The first goal is to de-fuse the suppression technique of the Establishment. The best way to do this is to publish the schematic of the box on the Word Wide Web. This website’s host should be located in a country that is far from the Food and Drug Administration.

The company that owns the site should be incorporated outside the United States. It should be incorporated in a county other than the one where the web host is located.

Encourage mirror sites, but only outside the United States. Let anyone put up the site. The more flies to swat, the better.

Let anyone copy the schematic. Don’t put it in the public domain. Just let anyone copy it free of charge, but only in the format you select.

A schematic is step one. Create a how-to manual for building a machine. Charge for this manual.

Then there are training-marketing materials. Charge for these, too. The training materials will be both technical and theological. They are written to commit the reader to the both theology and the idea of becoming a missionary.

Readers can sign up to become distributors of the service. If they just want to build their own box, fine. Sell the step-by-step instructions for (say) $200.

Better yet, offer them an opportunity to buy a box from third-party providers, with whom you have no financial contact.

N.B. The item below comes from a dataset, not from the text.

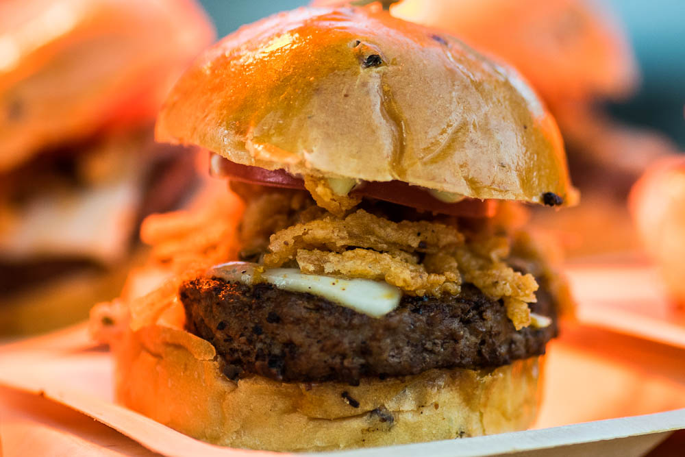 Jennie-O: The Renaissance Turkey Burger, made with freshly ground hand formed turkey slider, seared in avocado oil with bacon compote, baby arugula and creamy brie cheese on a brioche bun topped with crispy fried shallots.

Let the manufacturers get 100% of the money.

I call this “playing the China card.” Let some low-cost manufacturer in China build the boxes. Let him develop the market. There is nothing like a flood of cheap boxes around the world to create nightmares for the FDA.

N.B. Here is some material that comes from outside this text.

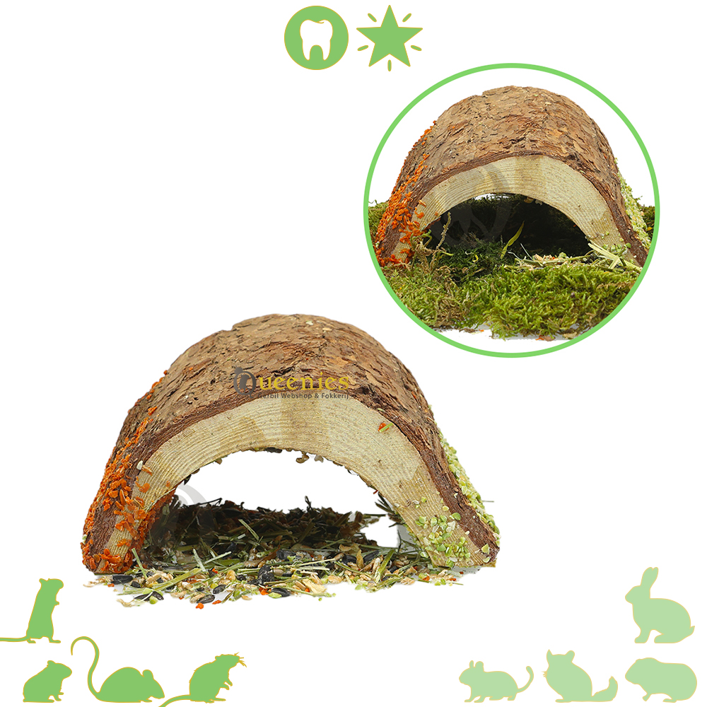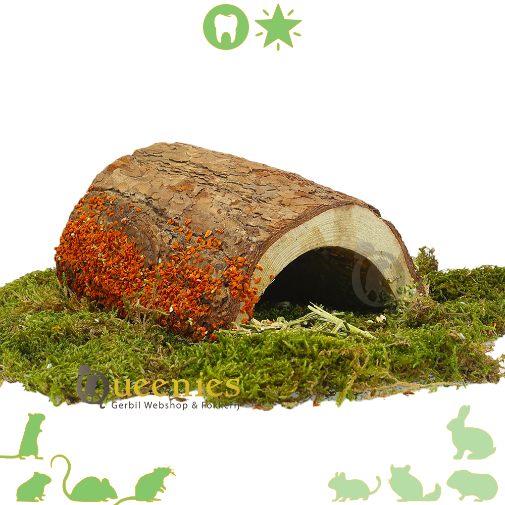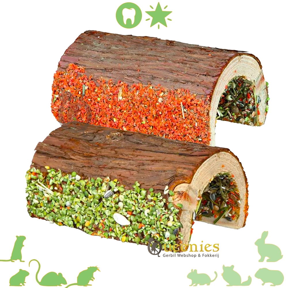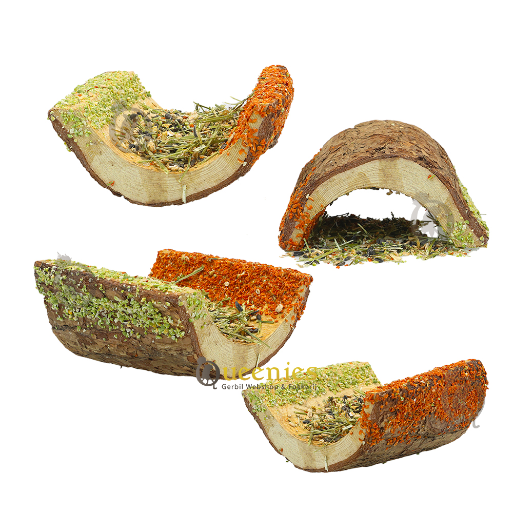 Overheerlijke Snack verwennerij in een halve boomstam tunnel zonder toegevoegde suikers en gemaakt van natuurlijk schorshout! De Brug is aan de binnenkant volledig met overheerlijke snacks bezaaid en vastgeplakt met natuurlijk honing substraat. De bovenzijde is gedeelte met lekkere snacks vast geplakt. Het is dus volledig veilig voor Gerbils en knaagdieren en ook nog een beetje gezond door de gedroogde wortelen die erop geplakt zitten. een ware verwennerij voor Gerbils en hamster vol met lekkers! Zowel in als op de tunnel bezaaid met noten en gedroogde groentes.

There is no money to be made in the boxes. You cannot compete with Chinese labor. Charge for the training and the service.

The idea here is that almost nobody wants to have the box made locally. He wants to buy one. Offer all manufacturers the right to post their ads on your site. They sell the units. They compete. There is no big money in the box if the box’s schematics are available to everyone.

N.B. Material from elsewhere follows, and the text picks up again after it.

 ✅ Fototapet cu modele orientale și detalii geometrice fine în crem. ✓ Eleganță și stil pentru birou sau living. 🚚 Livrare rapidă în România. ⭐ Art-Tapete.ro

The idea is to recruit true believers in the technology. Let them learn how good it is at their own expense. Be ready to sign them up as missionaries. If they have a box already, they will be far more prepared to sign up.

Your bank account should be in a fourth country. You would have this structure: (1) incorporated in country A; (2) website in country B; (3) bank account in country C; (4) you live in country D. Pay your taxes. Don’t put your name on the website.

If you are willing to give the schematic away, you can create a distribution system. The idea is to make money selling the information on how to use the box. . . .

Others can imitate you if they have the schematic. So what? That makes the target huge for Establishment suppressors. If they can’t control the spread of the technology internationally, they may decide to ignore it.

[I then went into the details of the missionary organizational structure. I see no reason to reprint this section. My readers are not going to become missionaries. She was ready, and now is one. But she is operating alone. She never posted the schematic. Her 2001 website is gone. She remains a target. Some day, she may get a knock at the door. . . .]

CONCLUSION

I close with this: “No man, when he hath lighted a candle, covereth it with a vessel, or putteth it under a bed; but setteth it on a candlestick, that they which enter in may see the light” (Luke 8:16).

The trouble is, too many government agencies are in the candle-regulation business. We must all become creative in shining officially unlicensed light.